ASSIGNMENT:
Please transcribe the listing below in full, exactly as written, leaving out its pictures.

PROVIDED MATERIAL:
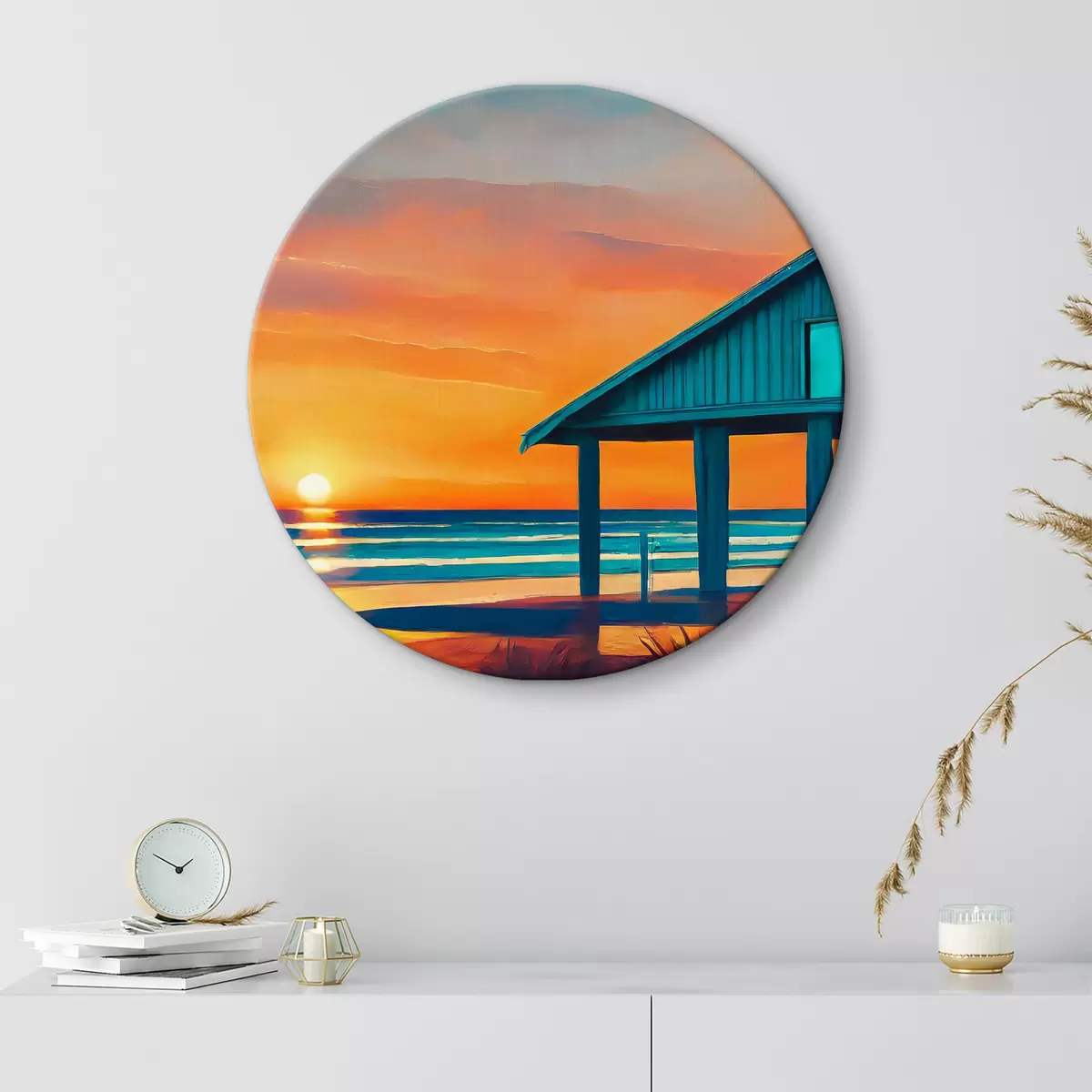 Ronde schilderijen Kleuren van zonsondergang bij een huisje aan de oceaan r36580
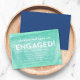 Convite de Festa de noivado moderno com a palavra "Engaged!" em branco contra um plano de fundo de tinta laminado de cor azul-turquesa. O convite tem um lado azul nas costas. Personalize-o substituindo o texto do marcador de posição para adicionar suas informações. Para obter mais opções, como alterar a fonte e seu tamanho/cor ou o espaçamento entre letras, clique no botão "Personalizar". *Observe que a Marca d'água do Zazzle que aparece na visualização de zoom NÃO aparecerá no produto impresso final. © Rosewood e Citrus
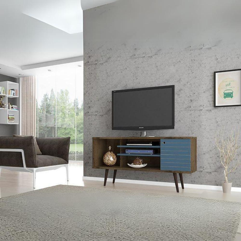 Liberty 53.14" Mid-Century - Modern TV Stand with 5 Shelves and 1 Door in Rustic Brown and Aqua Blue with Solid Wood Legs
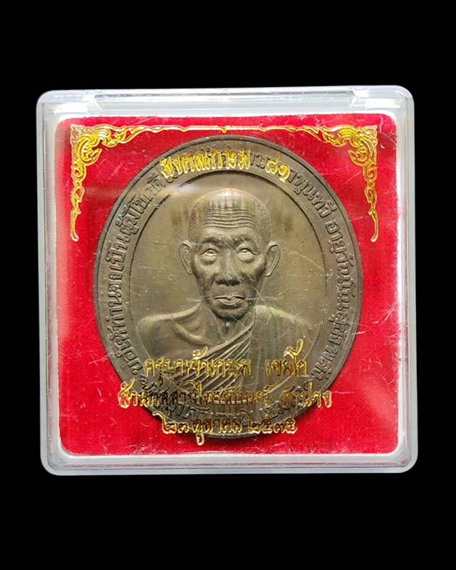 เหรียญบาตรน้ำมนต์ หลวงพ่อเกษม เขมโก รุ่น มงคลเกษม 81 ปี 2535 |

WRITTEN SOLUTION:
 Ronde schilderijen Kleuren van zonsondergang bij een huisje aan de oceaan r36580
 Convite de Festa de noivado moderno com a palavra "Engaged!" em branco contra um plano de fundo de tinta laminado de cor azul-turquesa. O convite tem um lado azul nas costas. Personalize-o substituindo o texto do marcador de posição para adicionar suas informações. Para obter mais opções, como alterar a fonte e seu tamanho/cor ou o espaçamento entre letras, clique no botão "Personalizar". *Observe que a Marca d'água do Zazzle que aparece na visualização de zoom NÃO aparecerá no produto impresso final. © Rosewood e Citrus
 Liberty 53.14" Mid-Century - Modern TV Stand with 5 Shelves and 1 Door in Rustic Brown and Aqua Blue with Solid Wood Legs
 เหรียญบาตรน้ำมนต์ หลวงพ่อเกษม เขมโก รุ่น มงคลเกษม 81 ปี 2535 |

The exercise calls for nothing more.